Corporations execute round-tripping strategies in a multitude of ways, including shifting intellectual property rights to tax havens, aggressive transfer pricing, complex partnership arrangements, use of offshore manufacturing, and others. Regardless of the specific design, the end result is the same – less income in the U.S. where customers are, more income sent offshore to low-tax havens. 

To close this loophole, the Close the Round-Tripping Loophole Act would deny round-tripped corporate income the benefit of the lower GILTI tax rate and apply the full 21 percent U.S. corporate income tax rate instead. 

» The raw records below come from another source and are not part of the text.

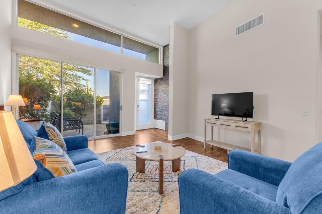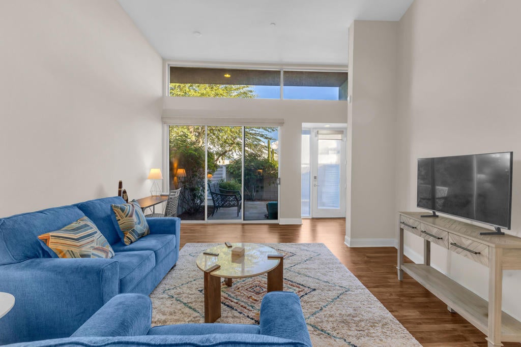 Seasonal lease in the desirable Palermo community just five minutes from Downtown Palm Springs available January 24th! This 1 bedroom, 1.5 bath condo offers a modern, light-filled layout with high ceilings, abundant natural light, and a private shaded carport conveniently located directly outside the unit. Residents enjoy ample guest parking and resort-style amenities including a fitness center, billiards room, co-working and study spaces, plus two separate heated pools and spas. Ideally situated with easy access to nearby hiking trails, the I-10 freeway, and a quick Uber ride to downtown dining, bars, and shopping. Owner prefers no pets; tenant is responsible for gas and electric while all other utilities are covered by owner. First month's rent and security deposit are due at signing, and all applicants must apply through RentSpree.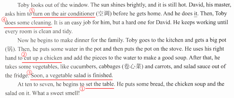 选项含义:① 摆餐具;② 切碎鸡肉;③ 做沙拉;④ 打扫房子;⑤ 打开空调;A. ⑤④②③①;B. ⑤④③②①;C. ③④①⑤②;D. ④③②⑤①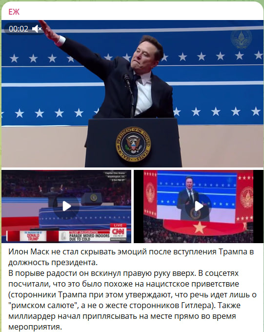 Илон Маск не стал скрывать эмоций после вступления Трампа в должность президента. Поначалу он пританцовывал прямо на трибуне, не в состоянии сдержать эмоций, а после выкинул руку вперёд.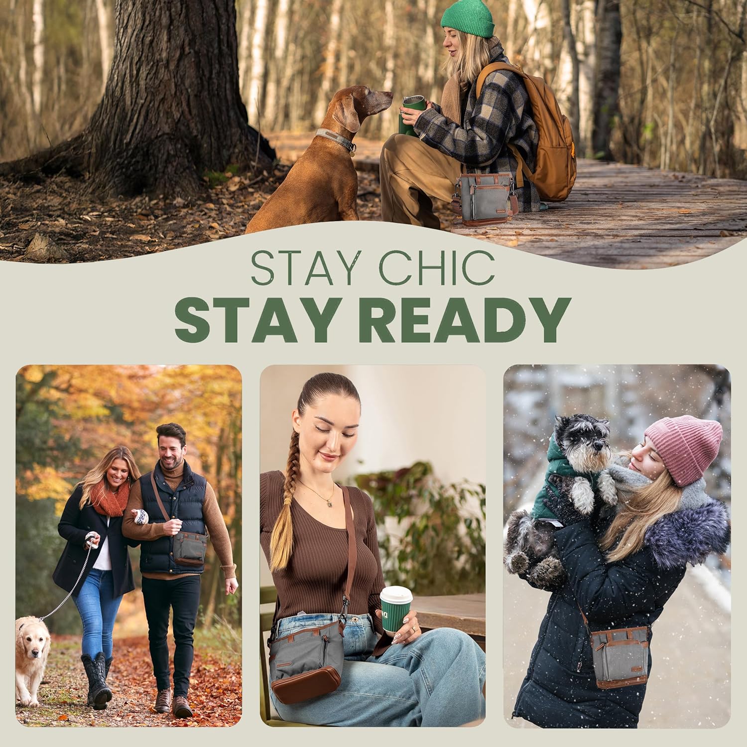 - 【ALL-IN-ONE STORAGE】 - With ample space and an expandable pocket, this dog walking bag holds treats, training tools, and poop bag rolls, easily holding your phone, keys, wallet, tennis ball, and documents, making it a great companion for long walks or outdoor adventures.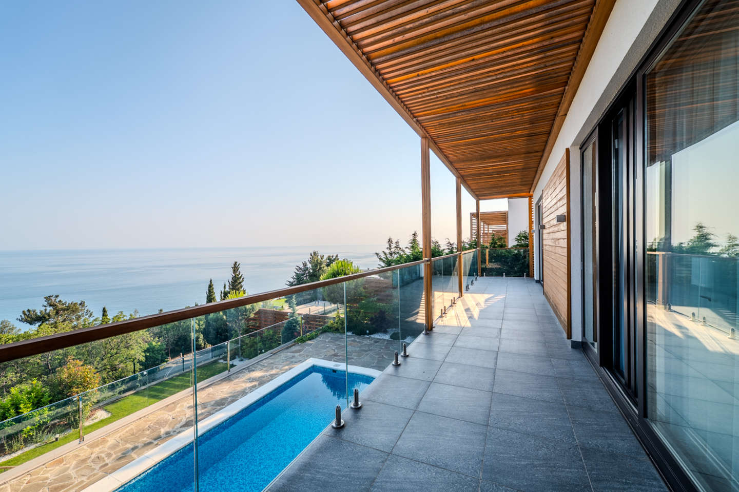Виллы выполнены в пуристическом стиле Ле Корбюзье — чистота форм, простота и уют без лишних деталей. Современная минималистичная архитектура гармонично вписана в пейзажи Ялты, не отвлекая от красоты Черного моря. В домах установлены окна Schuco с высокой теплоизоляцией и экономией энергии.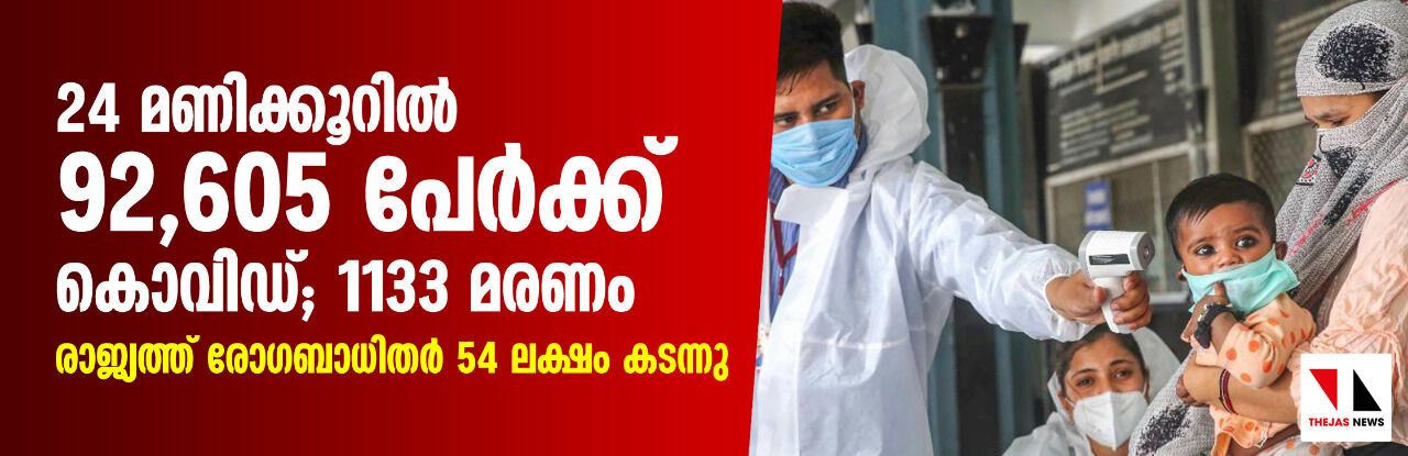 24 മണിക്കൂറില് 92,605 പേര്ക്ക് കൊവിഡ്; 1133മരണം; രാജ്യത്ത് രോഗബാധിതര് 54 ലക്ഷം കടന്നു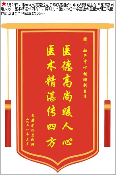 患者龙伦惠赠送电子锦旗感谢妇产中心胡珊副主任,并向医疗救助基金捐赠善款100元-锦旗-患者心声-患者服务-重庆医科大学附属第三医院【官方网站】

Under current law, corporations take an extra deduction on foreign income to reach the 10.5 percent GILTI rate. The Close the Round-Tripping Loophole Act would calculate a “round-tripping ratio” that represents the share of a corporation’s GILTI income that is routed through offshore tax havens, and it would reduce that corporation’s tax deduction on foreign income by that ratio. 

For example, if a given corporation’s GILTI deduction was originally $100, but 75 percent of its GILTI income was actually U.S. income routed through foreign subsidiaries, its GILTI deduction would be reduced by 75 percent. The remaining deduction would be $25. The exemption for having foreign assets would also be reduced by the same 75 percent. 

No small businesses would be subject to these provisions. The proposal would only apply to corporations that average at least $100 million in annual revenue. To simplify administration, the determination of whether income is earned in the U.S. or offshore would use the test already established in the foreign-derived intangible income system.